The 1.6 percent plunge was the steepest in more than a year and wiped out gains after Prime Minister Boris Johnson’s landslide electoral victory last week. His government, which campaigned to get Brexit done, set the end of 2020 as an immovable deadline.
“With the level of frothiness in positioning, I think people had priced in this very smooth sailing throughout 2020,” said Chris Weston, head of research at Melbourne brokerage Pepperstone.
“This has given us a snap back to reality. If you thought Brexit was solved and we’re going to see very, very smooth times ahead, then that’s not quite going to be the case.”
Sterling, which soared above $1.35 after Johnson’s win, last traded at $1.3133, below where it sat before polling day.
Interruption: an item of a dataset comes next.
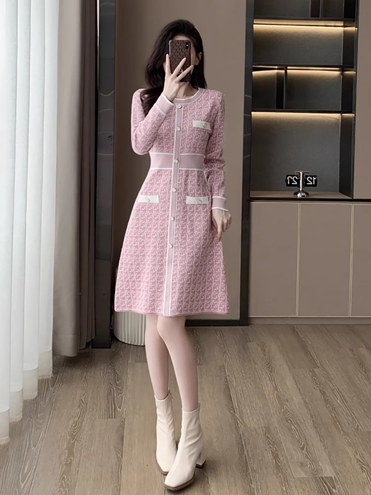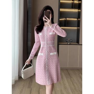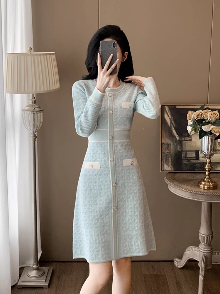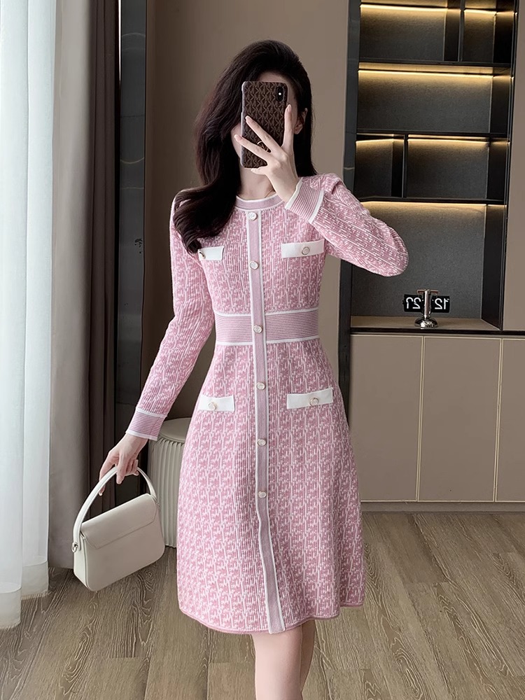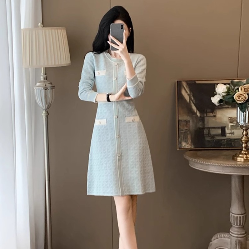 FA46372# 秋冬新款名媛小香风时尚针织高腰连衣裙长袖内搭打底毛衣裙 服裝批發女裝批發服飾貨源

Against the euro, the pound dropped as much as 1.8 percent before recovering slightly to sit at 84.92 pence per euro.
The slide supported the dollar to its highest in a week against a basket of currencies and lifted the safe-haven Swiss franc a little.
Asked if the government would legislate to rule out any extension of the transition beyond 2020, one of Johnson’s most senior ministers, Michael Gove, said: “Exactly, absolutely.”
In Brussels, officials said the timetable was rigid and likely to limit the scope of any deal.
Elsewhere moves were slight as trading slows down into the holiday season and as the currency market waits for details on the China-U.S. trade deal.
German business sentiment data is due later on Wednesday, along with a speech from European Central Bank chief Christine Lagarde at 0830 GMT and remarks from U.S. Federal Reserve Chicago President Charles Evans at 1740 GMT.
The greenback was steady on the euro at $1.1151.
The kiwi was knocked by an unexpectedly steep drop in dairy prices, the top national export, pushing the currency to a week low of $0.6565.
The Australian dollar held near a week low as well after the Reserve Bank of Australia (RBA) December minutes, released on Tuesday, foreshadowed possible easing in February.
“The RBA minutes struck a more dovish tone than the statement on the day, specifically citing the February meeting as a suitable time to reassess the (currently upbeat) outlook,” Westpac analysts said in a note.
Futures markets have priced an even chance of a benchmark rate cut from an already record low 0.75 percent.